# Mini gp1 (naked)



## bludragon (Jan 17, 2013)

Hi guys, I want to present my project, I hope you like it and that makes you have fun.
before starting a big thank you for *Cooler Master Italy*, which I supported as a sponsor.






here is the case that I will use





















next up for new.


----------



## andrewsmc (Jan 17, 2013)

No. Way. Bro.


----------



## bludragon (Jan 17, 2013)

andrewsmc said:


> No. Way. Bro.



I did not understand?


----------



## adulaamin (Jan 17, 2013)

Is it just me or there really are no pics?


----------



## natr0n (Jan 17, 2013)

I stand corrected.

vroom vroom indeed.


----------



## bludragon (Jan 17, 2013)

adulaamin said:


> Is it just me or there really are no pics?



now you see.


----------



## adulaamin (Jan 17, 2013)

Interesting... I hope you get to work on it soon...


----------



## bludragon (Jan 17, 2013)

natr0n said:


> I stand corrected.
> 
> vroom vroom indeed.



and all true, I'm showing this work on three other forums in Italy: Brindisi:


----------



## bludragon (Jan 17, 2013)

before starting work on the mini, I want to show you what I donated to coolermaster

*cpu heatsink coolermaster v8*





















*psu ​m2 silent pro 620w cooler master*
























​Tomorrow I'll show you the first work done on the bike

I would like to apologize for my English, but do not know him well, I help my friend google translator: D


----------



## de.das.dude (Jan 17, 2013)




----------



## bludragon (Jan 18, 2013)

here is the bike stripped of its engine.






Today I got the backplate to the mobo not made ​​exactly like the s.madre but one side 1cm long and after we will see why.
or take a piece of sheet thickness of 1.2 mm, the cut 17x18cm











then I did a test to see how things were going, and what I feared and successful!!!






as you can see the mobo and tilted, my intention was to avvittare the backplate on the plate that once bore the engine.
but so inclined to mount the type of sink that I will use for the cpu you would not see well because it would be almost completely covered by the frame
time or thought to cut the original plate of the bike and weld my completely horizontal






so I would earn more about 2.5cm in the said should see everything to the limit miss the view of the upper part would be most 100% sure which would not touch anywhere.


----------



## SaiZo (Jan 18, 2013)

Damn, that looks cool!


----------



## Easy Rhino (Jan 18, 2013)

ok, this is really cool. anyway could you embed the images in your posts so that we don't have to click links each time?


----------



## twicksisted (Jan 18, 2013)

awesome idea


----------



## brandonwh64 (Jan 18, 2013)

I love electronics but WHY OH WHY would you kill a nice little pocket rocket like that?


----------



## Random Murderer (Jan 18, 2013)

Putting a V8 in a mini-bike... Interesting.
/subbed

Edit:


brandonwh64 said:


> I love electronics but WHY OH WHY would you kill a nice little pocket rocket like that?

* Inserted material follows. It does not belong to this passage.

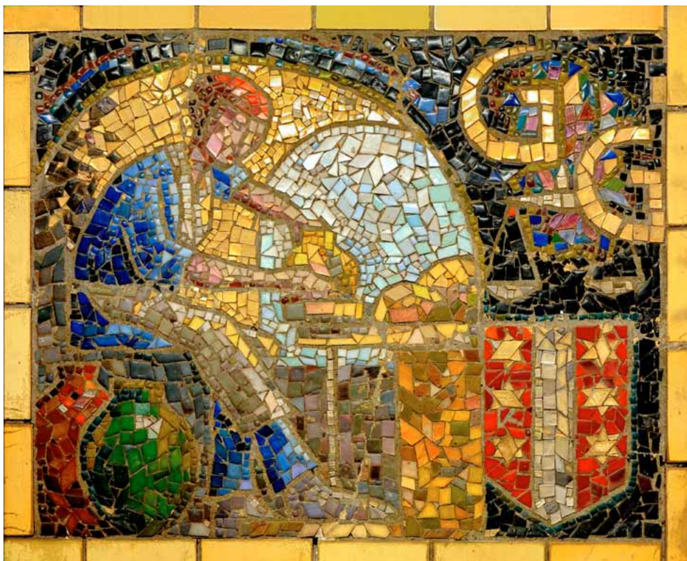
Goedewaagen, mozaïek, Pottendraaier, W.H. van Norden, ca 1934, voorheen entree fabriek; coll. B. J. Baas

Engine was probably bad or his kid outgrew the thing.


----------



## brandonwh64 (Jan 18, 2013)

Random Murderer said:


> Engine was probably bad or his kid outgrew the thing.



Most pocket rockets of that design are NOT made for kids. A friend of mine has one very close to that one and will do 90 MPH and was raced for quite some time.


----------



## bludragon (Jan 18, 2013)

Easy Rhino said:


> ok, this is really cool. anyway could you embed the images in your posts so that we don't have to click links each time?


thanks you're right, I changed


brandonwh64 said:


> I love electronics but WHY OH WHY would you kill a nice little pocket rocket like that?


because I have another: D


Random Murderer said:


> Putting a V8 in a mini-bike... Interesting.
> /subbed
> 
> Edit:
> ...


sink ideal for this project: Cool:


brandonwh64 said:


> Most pocket rockets of that design are NOT made for kids. A friend of mine has one very close to that one and will do 90 MPH and was raced for quite some time.


My son is six years old and uses: Eek:


----------



## bludragon (Jan 21, 2013)

today I cut the motor housing to pay off the backplate
















test with motherboard


----------



## brandonwh64 (Jan 21, 2013)

Looking great!


----------



## Cotton_Cup (Jan 23, 2013)

freaking awesome. want moaaare ^_^


----------



## bludragon (Jan 26, 2013)

guys and today I show support for ssd


----------



## Peter1986C (Jan 27, 2013)

Awesome!


----------



## T3RM1N4L D0GM4 (Jan 27, 2013)

*Da MN con furore* 

SUBB'D... NOW!


----------



## bludragon (Jan 27, 2013)

T3RM1N4L D0GM4 said:


> *Da MN con furore*
> 
> SUBB'D... NOW!



yeaaaa: Brindisi:: Brindisi:: Brindisi:


----------



## dhdude (Jan 27, 2013)

sub'd! Interesting build!


----------



## itsakjt (Jan 27, 2013)

That's a LOL build.  Never seen such a rig in my life.


----------



## bludragon (Jan 27, 2013)

itsakjt said:


> That's a LOL build.  Never seen such a rig in my life.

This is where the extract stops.